# S04: Extracting Patch Features

Here we utilize a image feature extractor to extract deep features from all the patches that we have obtained from the step `S03`. The image feature extractor used in this step is [`CONCH`](https://github.com/mahmoodlab/CONCH), a vision-language model pretrained on pathology images. 

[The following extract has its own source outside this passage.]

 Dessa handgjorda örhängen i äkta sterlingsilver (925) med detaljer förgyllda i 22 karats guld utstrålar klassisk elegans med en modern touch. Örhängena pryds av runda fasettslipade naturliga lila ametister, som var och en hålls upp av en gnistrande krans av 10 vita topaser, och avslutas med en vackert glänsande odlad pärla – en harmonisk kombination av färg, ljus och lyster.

We adopt [our enhanced CLAM](./tools/CLAM) to introduce how to extract patch features.

## 1. Some Notes

### 1.1 Overall Procedure

In this step, for each slide, its patch coordinates, which are stored in a `h5` file (see `ROOT_DIR_FOR_DATA_SAVING/tiles-20x-s256/patches/` in your server), would be loaded and then used to locate certain patch regions in this slide image (at the magnification you specified in the step `S03`). 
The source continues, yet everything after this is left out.